Lingo—A Streamlined Video Translation Workflow Tool

Increasing the amount of videos published internationally was a company-wide priority for 2017. Translating videos was a key element of the strategy for meeting this objective. My team was given six months to improve the video translation workflow.


  • Product Design
  • Product Strategy

Lingo logo designed in collaboration with Celine Chang.

Defining the MVP

Tasty was our most popular video brand at the time, and the most lucrative opportunity for international expansion. Tasty recipe videos follow a strict format: they are shot from overhead, feature the recipe as on-screen text, and have no dialogue. Our MVP would focus on translating Tasty videos.Tasty was our most popular video brand at the time, and the most lucrative opportunity for international expansion. Tasty recipe videos follow a strict format: they are shot from overhead, feature the recipe as on-screen text, and have no dialogue. Our MVP would focus on translating Tasty videos.

User Research

We spent the first month learning as much as we could about the translation workflow. We started by interviewing our stakeholders: the international Social Media Editors (SMEs) who would request video translations for their markets, and the Los Angeles based Video Adaptation Editors (VAEs) in Los Angeles who produced the translated video. We then audited the tools used at each step in the process.

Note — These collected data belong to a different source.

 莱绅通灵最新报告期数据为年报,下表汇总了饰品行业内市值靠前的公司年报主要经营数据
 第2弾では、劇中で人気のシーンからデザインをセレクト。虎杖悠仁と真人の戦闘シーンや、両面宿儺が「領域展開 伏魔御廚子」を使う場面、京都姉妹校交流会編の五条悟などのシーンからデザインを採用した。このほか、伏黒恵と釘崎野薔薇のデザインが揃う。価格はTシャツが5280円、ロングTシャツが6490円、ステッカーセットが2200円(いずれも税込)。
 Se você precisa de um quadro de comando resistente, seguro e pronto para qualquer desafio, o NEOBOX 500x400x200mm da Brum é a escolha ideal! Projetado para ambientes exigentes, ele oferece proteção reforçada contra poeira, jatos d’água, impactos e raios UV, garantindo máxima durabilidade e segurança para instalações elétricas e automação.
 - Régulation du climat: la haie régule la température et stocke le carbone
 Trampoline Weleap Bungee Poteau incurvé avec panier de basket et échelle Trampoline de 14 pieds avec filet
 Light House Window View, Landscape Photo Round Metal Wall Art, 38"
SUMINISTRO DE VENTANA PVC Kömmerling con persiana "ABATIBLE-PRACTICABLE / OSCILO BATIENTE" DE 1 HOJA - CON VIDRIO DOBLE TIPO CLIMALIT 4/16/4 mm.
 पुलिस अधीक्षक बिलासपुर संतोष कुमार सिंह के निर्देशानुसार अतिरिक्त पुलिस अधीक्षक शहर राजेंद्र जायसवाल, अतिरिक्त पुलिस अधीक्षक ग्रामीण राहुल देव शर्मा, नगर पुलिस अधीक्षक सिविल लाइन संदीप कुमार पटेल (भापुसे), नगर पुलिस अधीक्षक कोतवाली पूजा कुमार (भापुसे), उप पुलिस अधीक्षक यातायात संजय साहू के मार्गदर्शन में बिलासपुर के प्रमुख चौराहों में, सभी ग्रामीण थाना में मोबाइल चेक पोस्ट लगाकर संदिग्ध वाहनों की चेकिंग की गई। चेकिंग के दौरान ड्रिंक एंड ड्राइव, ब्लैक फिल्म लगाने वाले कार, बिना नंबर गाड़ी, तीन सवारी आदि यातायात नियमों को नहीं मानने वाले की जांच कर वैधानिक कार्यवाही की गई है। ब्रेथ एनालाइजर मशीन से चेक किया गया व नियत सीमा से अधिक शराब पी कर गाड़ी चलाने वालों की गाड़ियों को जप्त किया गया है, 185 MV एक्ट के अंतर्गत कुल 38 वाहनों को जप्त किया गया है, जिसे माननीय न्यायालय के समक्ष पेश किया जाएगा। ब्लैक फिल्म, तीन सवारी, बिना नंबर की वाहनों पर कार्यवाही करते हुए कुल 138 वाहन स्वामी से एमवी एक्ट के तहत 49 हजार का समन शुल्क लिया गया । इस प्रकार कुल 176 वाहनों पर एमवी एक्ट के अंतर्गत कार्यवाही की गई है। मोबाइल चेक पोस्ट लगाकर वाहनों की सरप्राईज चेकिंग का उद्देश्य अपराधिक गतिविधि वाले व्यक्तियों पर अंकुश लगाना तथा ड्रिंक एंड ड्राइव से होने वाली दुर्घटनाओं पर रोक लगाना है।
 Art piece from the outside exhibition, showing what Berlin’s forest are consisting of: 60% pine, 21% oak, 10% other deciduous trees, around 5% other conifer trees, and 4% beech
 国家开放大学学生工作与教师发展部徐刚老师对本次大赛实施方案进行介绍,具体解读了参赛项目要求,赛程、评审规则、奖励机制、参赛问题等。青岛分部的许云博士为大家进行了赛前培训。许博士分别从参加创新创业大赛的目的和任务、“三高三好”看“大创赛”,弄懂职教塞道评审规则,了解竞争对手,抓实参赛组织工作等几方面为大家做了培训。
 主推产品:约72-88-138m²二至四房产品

The translation workflow at the time involved two teams, and spanned several tools. The process begun with the international SMEs who would request video translations for their markets. The on-screen text in the requested video would be transcribed by an Amazon Turk. The SMEs would then translate the transcript. Once the translation was complete, the VAEs in Los Angeles would use the transcript and premier files for the original video to produce the translated video. The translated video would then be reviewed by SMEs. After the review, the translated video was ready for publishing by the SME.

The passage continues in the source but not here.